Если у подружки, забежавшей поиграть с нами, были на зубах шины, бабка говорила, что она задается, потому что у нас зубы росли кривые, и не было денег их выправить. А с чего это вдруг доктор пригласил нас на ужин? Чтобы ее бедные крошки там краснели? Жена у него такая цаца из Нью–Йорка, а дочки вечно задирают нос со своими шпильками из чистого золота и шетлендским пони. Или чтобы ее девочкам не хотелось возвращаться домой к старой бабушке, у которой приходится жить просто, но честно?

Не было для нее такого слоя общества, который не погряз бы во лжи и гнусных кляузах. Но всего хуже была школа. Разве не сама учительница виновата, что мы не понимаем дробей? И какое тогда она имеет право ставить нам кол? Бабке было яснее ясного, что та просто мстит за свою бездарность. И уж, конечно, бесплатную поликлинику закрывали как раз в те дни, когда подходила наша очередь. Значит, у нас опять разболится горло, зимой мы снова раскиснем, а бабке придется все нам подносить и уносить, и подниматься сто раз в день по лестнице, а ноги у нее больные, и сердце начинает пошаливать.

В этом тумане поклепов, интрижек и двусмысленностей мы с Дейзи росли, как черви. Не многие, я думаю, смогли бы выстоять в такой атмосфере вечного копания в грязном белье своих ближних. Они шпионили друг за дружкой, шептались, строили догадки, проводили параллели, неизменно начинавшиеся словами: «При всем моем уважении…», или «Это мне, в конце концов, безразлично, но…» Их бдительные патрули ежедневно выходили в город, а к вечеру слагали добычу у ног своей жрицы, ожидая пророческого толкования всей подноготной мясника, пекаря, свечника, газировщицы и уродливой глухой белой кошки аптекаря.

Неудивительно, что я и Дейзи стали подозрительны, но подозревали мы самих себя, вечно в себе копались, хандрили и поднимали рев. Почему мы так несчастны, если бабушка жертвует для нас самым последним? Почему продолжаем нахально дружить с бакалейщиком, который хотел ее обвесить, когда она покупала свинину с бобами?

Дружили мы боязливо и украдкой, вечно прятались и врали, голодали и унижались. Нас жалели. Мы все время воровато оглядывались, каждый миг ожидая появления миссис Плейсер или кого‑нибудь из ее наушников–жильцов; мы привыкли врать.

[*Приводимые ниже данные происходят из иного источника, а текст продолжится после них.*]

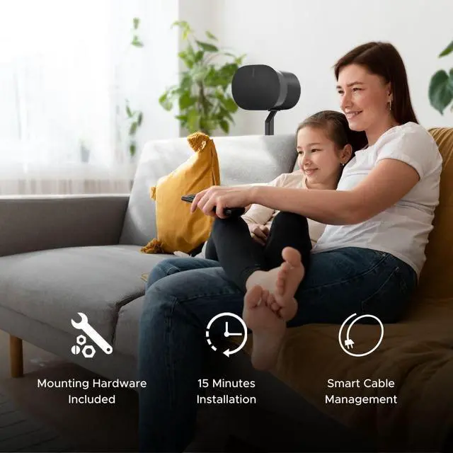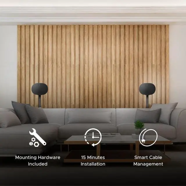 ENGINEERED FOR ACOUSTIC PERFECTION: Our floor stand raises the Sonos ERA300 to the acoustically optimal height of one meter (40 inches). It's expertly designed to situate the speaker above the sofa back, aligning the audio output with your ears for an enveloping sound experience. Enjoy superior audio performance in any seat, assured by our specialized design. ^^ SLEEK DESIGN, SUPERIOR

Но едва тлеющий огонек добра всё же не угас в нас окончательно, и спасением для меня и Дейзи стал в те дни крошечный зверинец в домике у железной дороги, принадлежавшем мягкосердечному алкоголику, мистеру Мерфи. Он целыми днями бездельничал, тянул самогонный джин и раскладывал пасьянс, улыбаясь своим мыслям да разговаривая со зверушками. Были у него крохотная лиска–лилипутка, отмытый от мерзкого запаха скунс, попугай с Таити, строчивший по–французски, что парижанин, и горемыка койот. А еще жили там две обезьянки из породы капуцинов, такие серьезные и очеловеченные, маленькие, печальные и милые, такие набожные с монашеской тонзурой на головках, что, право, их лепет казался осмысленным языком, чью грамматику еще разгадает какой‑нибудь дотошный лингвист.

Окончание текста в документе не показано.